Personal information
- Born: February 17, 1952 West Columbia, Texas, U.S.
- Died: August 13, 2021 (aged 69) Angleton, Texas, U.S.
- Listed height: 6 ft 3 in (1.91 m)
- Listed weight: 266 lb (121 kg)

Career information
- High school: Columbia (West Columbia, Texas)
- College: Colorado
- NFL draft: 1977: 7th round, 175th overall pick

Career history
- Philadelphia Eagles (1977–1981); Minnesota Vikings (1982–1984);

Awards and highlights
- 2× First-team All-Pro (1980, 1981); 3× Pro Bowl (1979–1981); Philadelphia Eagles 75th Anniversary Team; First-team All-Big Eight (1976);

Career NFL statistics
- Sacks: 18.5
- Fumble recoveries: 9
- Interceptions: 5
- Defensive touchdowns: 2
- Stats at Pro Football Reference

= Charlie Johnson (defensive tackle) =

American football player (1952–2021)

Charlie Johnson (February 17, 1952 – August 13, 2021) was an American professional football defensive tackle, known for playing the nose tackle position, who played for nine seasons in the National Football League (NFL), primarily with the Philadelphia Eagles. He played in Super Bowl XV for the Eagles, was selected to three Pro Bowls and was twice named first-team All-Pro by the Associated Press. Johnson's three interceptions in 1980 were remarkable because he was typically replaced by teammate Ken Clarke on passing downs. After serving with the U.S. Army during the Vietnam War, Johnson played college football for the Colorado Buffaloes.

== Early life ==
Johnson was born on February 17, 1952 to Ben Carrie and Anna May Johnson. His birthplace has been stated as Chambers County, Texas, but also as West Columbia, Texas, located in Brazoria County. His parents divorced when he was two-years old, and his mother later married Melvin Grice. She died when he was 13-years old. He had eight siblings.

Johnson attended West Columbia High School in West Columbia, Texas, graduating in 1970. He was a 225 lb (102.1 kg) fullback and defensive end on the school's football team. As a senior in 1969, he helped the team reach the Class 3A state championship game, losing to Brownwood High School at Baylor University's stadium in Waco, Texas. Johnson received the school's Marvin Gray award as the team's most valuable player. One of his teammates was future NFL running back Charlie Davis.
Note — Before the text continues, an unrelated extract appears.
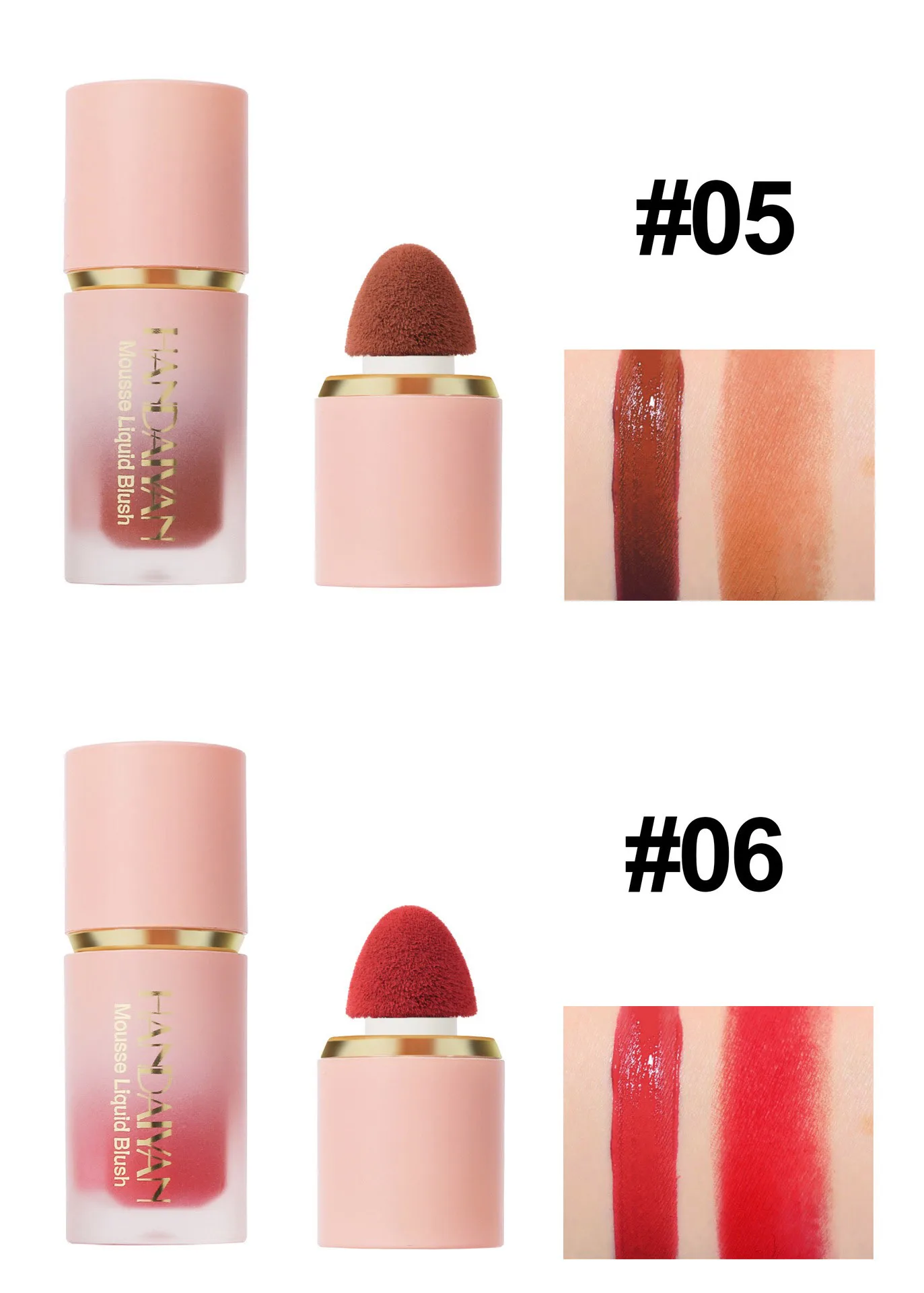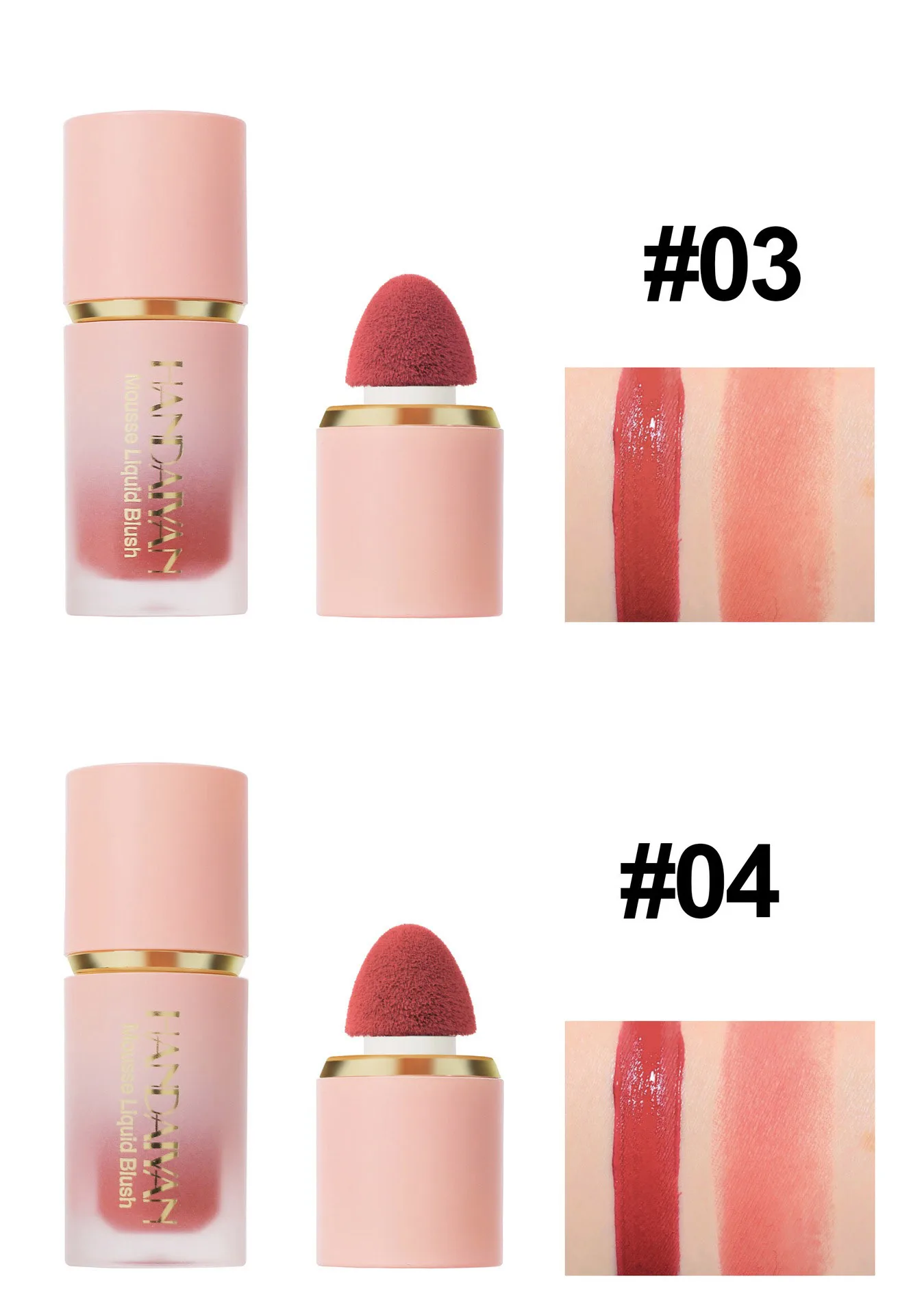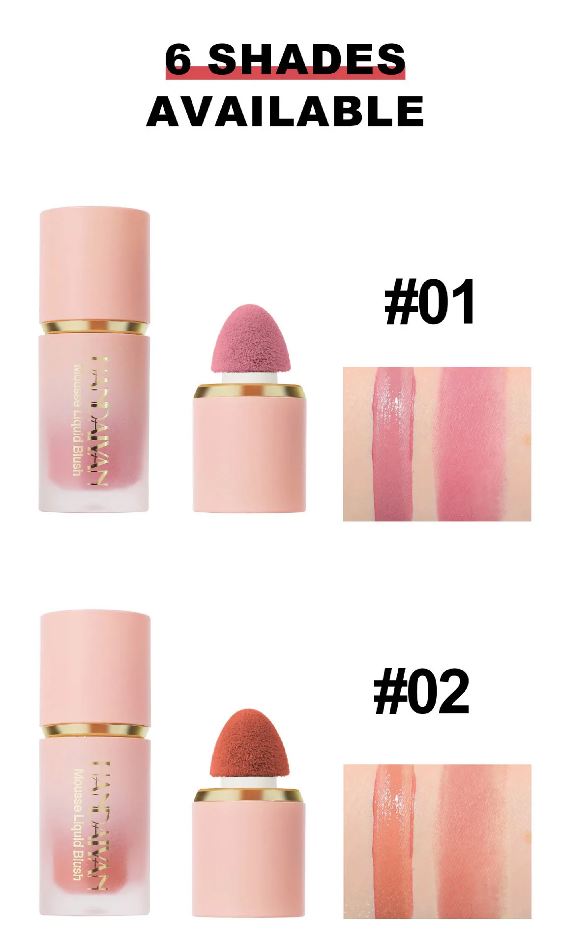 [Easy to Apply]: Liquid powder blusher is easy to wear, just tap your cheeks with a sponge head.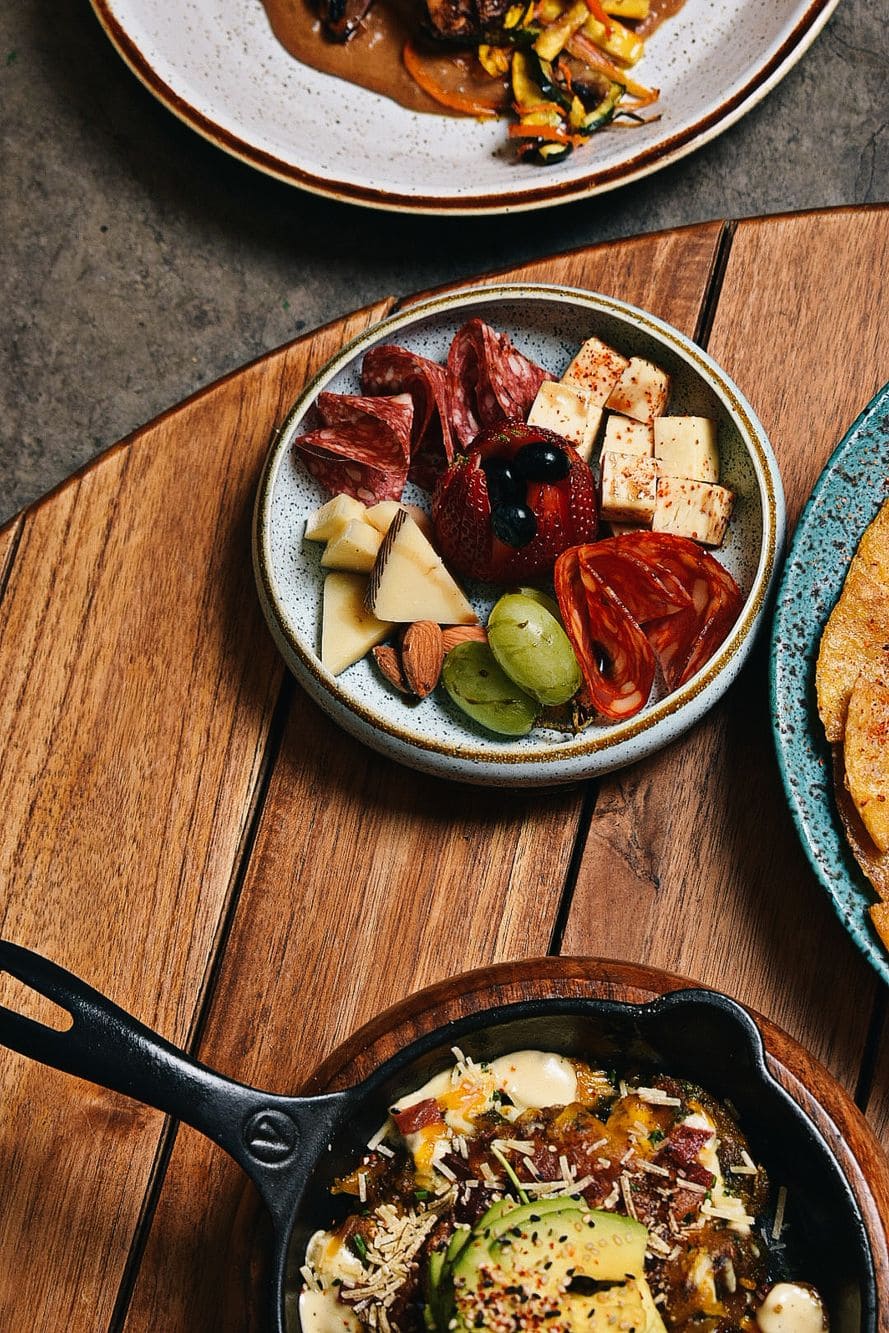 - Tabla de charcutería: Selección de quesos y jamones finos acompañados de frutos secos, pan artesanal y mermelada de temporada. Perfecta para compartir

Despite being pursued by colleges offering him a football scholarship, including the University of Texas, the University of Southern California and Texas A&M, among others, upon graduating high school the 17-year old Johnson determined that he wanted to enlist in the United States Army. He served in the Army for three years, and spent nine months as a military policeman in Vietnam during the Vietnam War.

== College career ==
After returning to the United States, Johnson was stationed at Fort Riley, Kansas. Shortly before his discharge, he received a recruitment letter from Billy Andrews, the football coach at Tyler Junior College (TJC) in Tyler, Texas, who remembered Johnson from his playing days at West Columbia High. Johnson then attended Tyler in 1973; however, Johnson's weight had gone up to 285 pounds since high school. Andrews tried Johnson at fullback, but moved him to defensive line. As Johnson's conditioning improved, Andrews moved him to tight end the following season (1974); while also playing Johnson on the defensive line.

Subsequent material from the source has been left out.